* Required work:
For this listing, reproduce the line with "Corta el filete", the line with "Lebak, Banten |", and the lines between, exactly as they stand. Leave out pictures and all other lines.

* Input records:

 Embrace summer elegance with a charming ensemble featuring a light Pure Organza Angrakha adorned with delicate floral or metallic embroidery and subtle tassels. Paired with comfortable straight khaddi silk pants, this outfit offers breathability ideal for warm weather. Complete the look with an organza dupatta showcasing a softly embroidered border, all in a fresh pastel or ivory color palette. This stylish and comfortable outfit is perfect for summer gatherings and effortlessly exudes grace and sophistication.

---

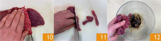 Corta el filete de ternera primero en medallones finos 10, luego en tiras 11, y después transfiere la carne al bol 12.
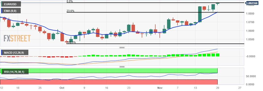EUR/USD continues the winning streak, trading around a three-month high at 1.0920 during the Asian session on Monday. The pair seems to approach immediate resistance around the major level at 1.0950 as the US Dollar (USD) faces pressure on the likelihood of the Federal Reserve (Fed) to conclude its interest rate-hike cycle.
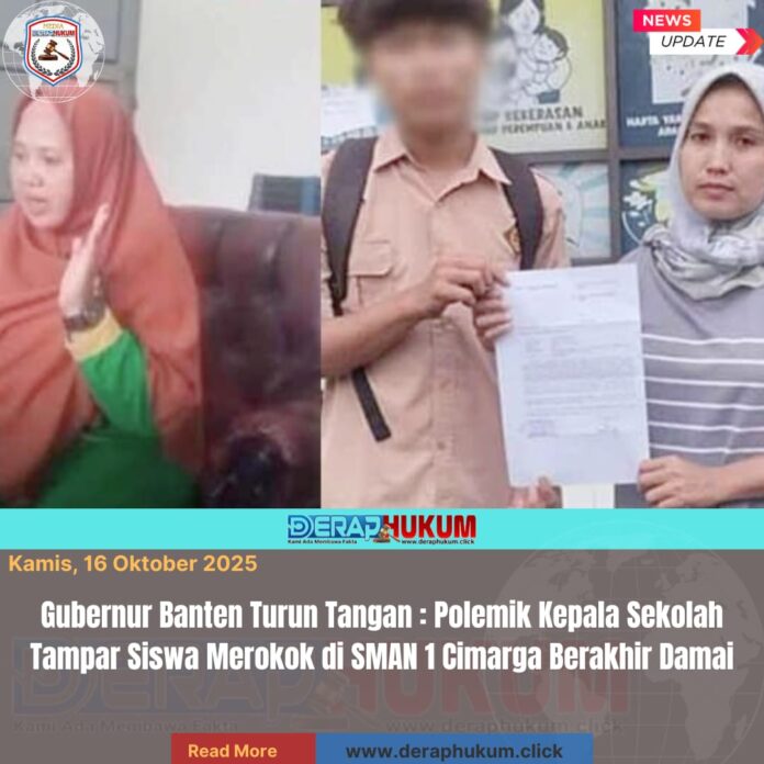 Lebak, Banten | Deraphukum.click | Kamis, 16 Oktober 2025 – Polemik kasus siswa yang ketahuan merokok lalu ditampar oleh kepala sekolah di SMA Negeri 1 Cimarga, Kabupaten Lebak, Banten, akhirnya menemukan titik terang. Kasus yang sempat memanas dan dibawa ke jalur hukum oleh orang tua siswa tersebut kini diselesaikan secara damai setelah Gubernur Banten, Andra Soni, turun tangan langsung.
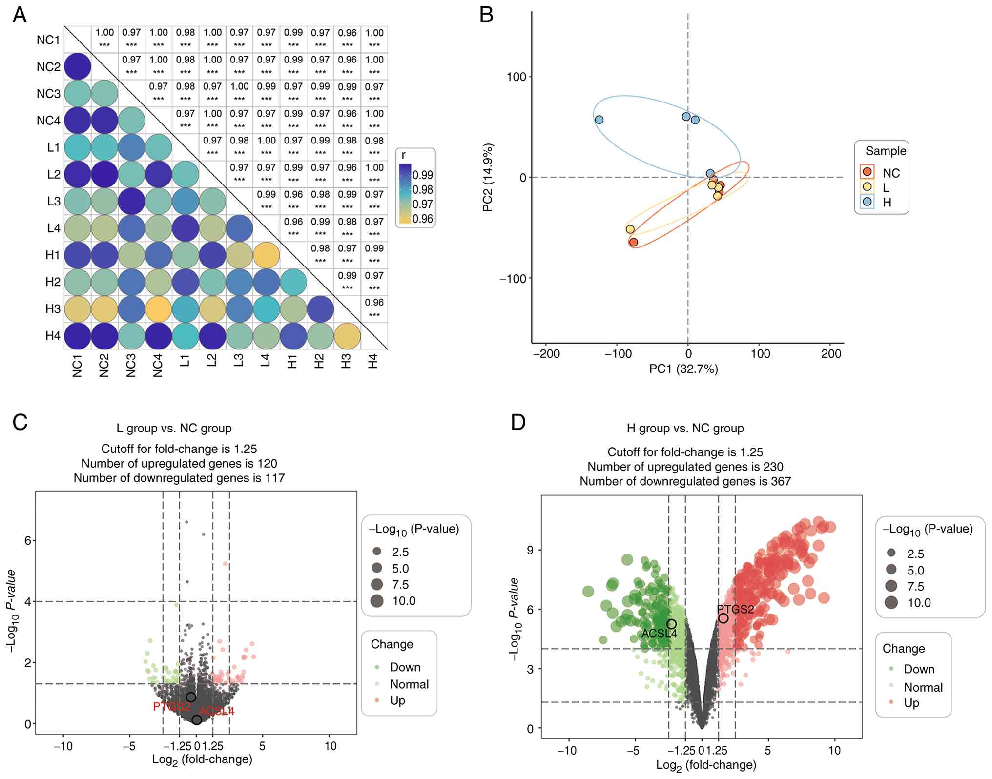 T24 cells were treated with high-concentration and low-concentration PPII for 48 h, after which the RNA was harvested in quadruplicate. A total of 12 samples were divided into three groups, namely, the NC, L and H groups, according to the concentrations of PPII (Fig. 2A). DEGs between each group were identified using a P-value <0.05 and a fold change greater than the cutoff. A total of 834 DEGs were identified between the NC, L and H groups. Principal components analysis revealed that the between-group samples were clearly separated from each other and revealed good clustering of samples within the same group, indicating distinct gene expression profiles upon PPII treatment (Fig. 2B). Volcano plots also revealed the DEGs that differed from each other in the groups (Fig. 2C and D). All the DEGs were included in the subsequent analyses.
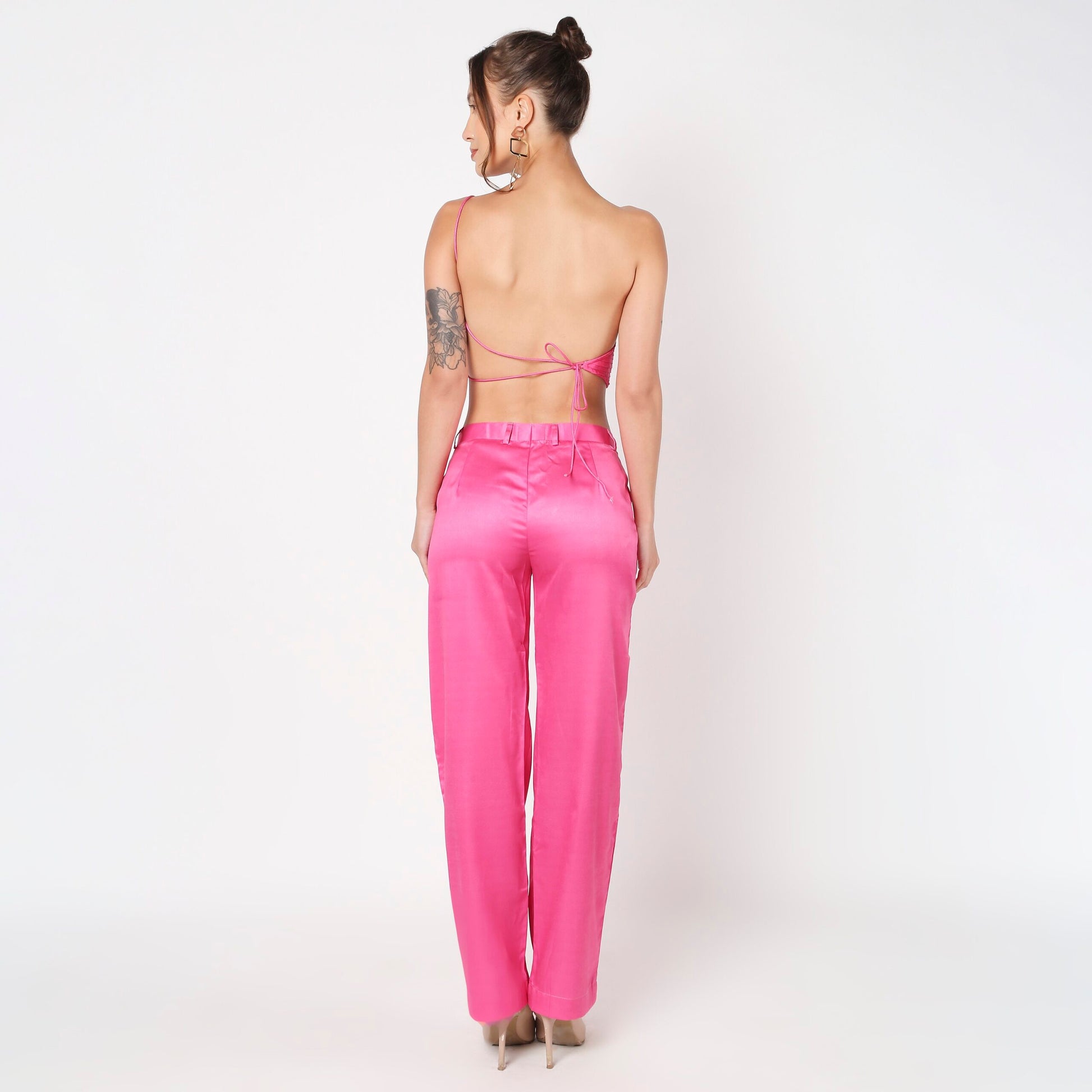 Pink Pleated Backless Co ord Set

* Output:
 Corta el filete de ternera primero en medallones finos 10, luego en tiras 11, y después transfiere la carne al bol 12.
EUR/USD continues the winning streak, trading around a three-month high at 1.0920 during the Asian session on Monday. The pair seems to approach immediate resistance around the major level at 1.0950 as the US Dollar (USD) faces pressure on the likelihood of the Federal Reserve (Fed) to conclude its interest rate-hike cycle.
 Lebak, Banten | Deraphukum.click | Kamis, 16 Oktober 2025 – Polemik kasus siswa yang ketahuan merokok lalu ditampar oleh kepala sekolah di SMA Negeri 1 Cimarga, Kabupaten Lebak, Banten, akhirnya menemukan titik terang. Kasus yang sempat memanas dan dibawa ke jalur hukum oleh orang tua siswa tersebut kini diselesaikan secara damai setelah Gubernur Banten, Andra Soni, turun tangan langsung.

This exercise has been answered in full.